Building the Tundra Language and Interpreter, Part 1

It’s time, y’all. I’m building a language, a compiler, and an interpreter.

“If you don’t know how compilers work, then you don’t know how computers work. If you’re not 100% sure whether you know how compilers work, then you don’t know how they work.”
— Steve Yegge

It feels long overdue.

I’ve developing software some time- mainly UI UX Front-End, and I still often feel like I don’t understand it deeply enough. So it’s time to step up my game. In this series, I’ll share my thinking process, research, notes, and code — and hopefully you’ll enjoy following along.

I still remember watching Dylan Beattie’s talk on YouTube about creating his own language, Rockstar, with all of its rock-and-roll flair. That talk left a strong impression on me years ago, and now I finally feel ready to build a language of my own.

Here is the idea to start with the basics and try to really understand the core concepts and then we design the language itself, build a tree-walking interpreter, and finish with a bytecode virtual machine.

I’ll be using Crafting Interpreters by Robert Nystrom as my main guide. thats to keep some sort of a structure. I’ll also be taking notes and ideas from Static Program Analysis by Anders Møller and Michael I. Schwartzbach, along with notes from Asa and a bunch of articles here and there.

I’m starting from limited knowledge, but the goal is to build something real enough to teach me how languages actually work.

And don’t worry if some of the jargon or concepts feel confusing at first. I’m learning this in public, and the goal of the series is to make these ideas clearer as I go. My hope is that, as I progress, both I and anyone reading this series will have a much better understanding of how programming languages — and computers in general — work.

Why study interpreters and compilers?

There are at least three good reasons.

Firstly, writing an interpreter or compiler forces you to bring together a wide range of technical skills. It’s the kind of project that help your understanding of parsing, data structures, control flow, execution models, and software design all at once, not bad huh?. The skills you develop carry over into all kinds of software work.

Secondly, studying interpreters and compilers helps remove the magic of how computers work. These systems can seem almost magical from the outside, but they shouldn’t stay that way. Learning how source code is turned into something a machine can execute gives you a much clearer mental model of what programming actually is.
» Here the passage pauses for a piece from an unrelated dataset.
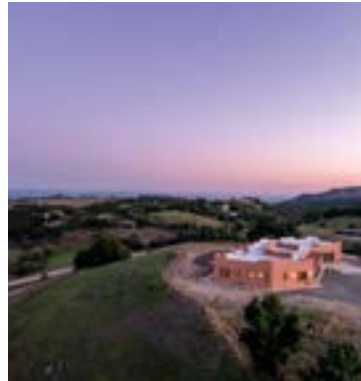
Adobe-Style Home, atop a Picturesque California Hillside

3403 PACIFIC VIEW WAY OCEANSIDE 4 Bed | 3.5 Bath | 2,256 SF Offered at $1,695,000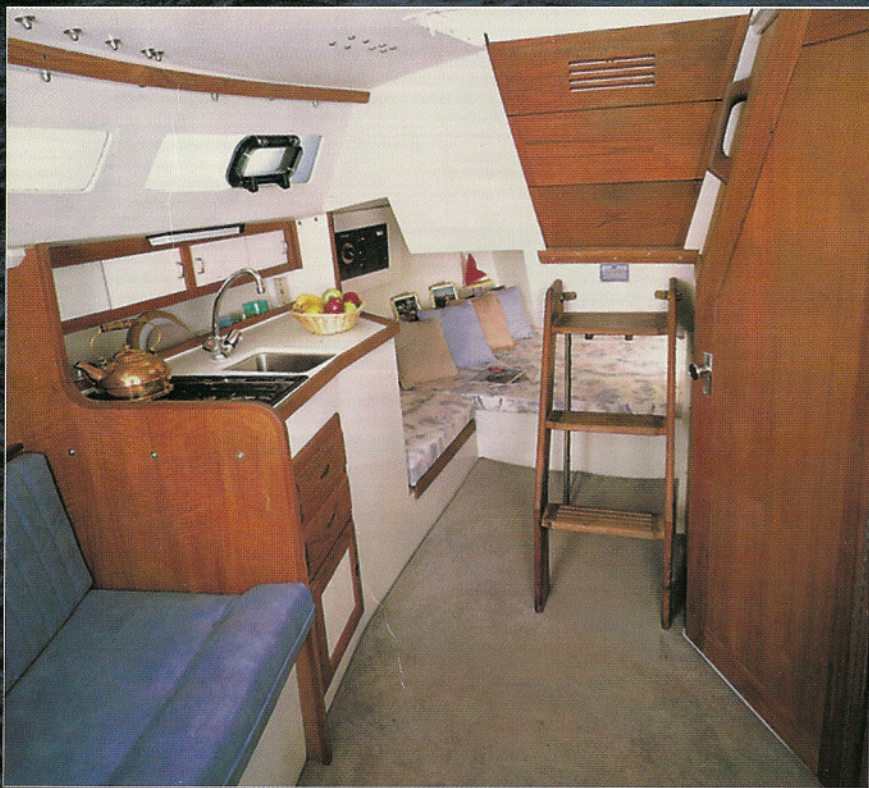
The main cabin, view aft. The aft berth has a port overhead for light and ventilation, via the cockpit

Thirdly, maybe you want to build your own programming language — or even just a small domain-specific language. If that’s the case, you’ll eventually need to build either an interpreter or a compiler for it. Moreover this feels like a great time to learn. Interest in programming languages has surged over the past several years, and new languages keep appearing, each exploring different tradeoffs and ideas.

So buckle up, grab a cup of coffee or tea, and let’s dive in.

How a Programming Language Is Built

I’d like to start by looking at how a programming language is generally built.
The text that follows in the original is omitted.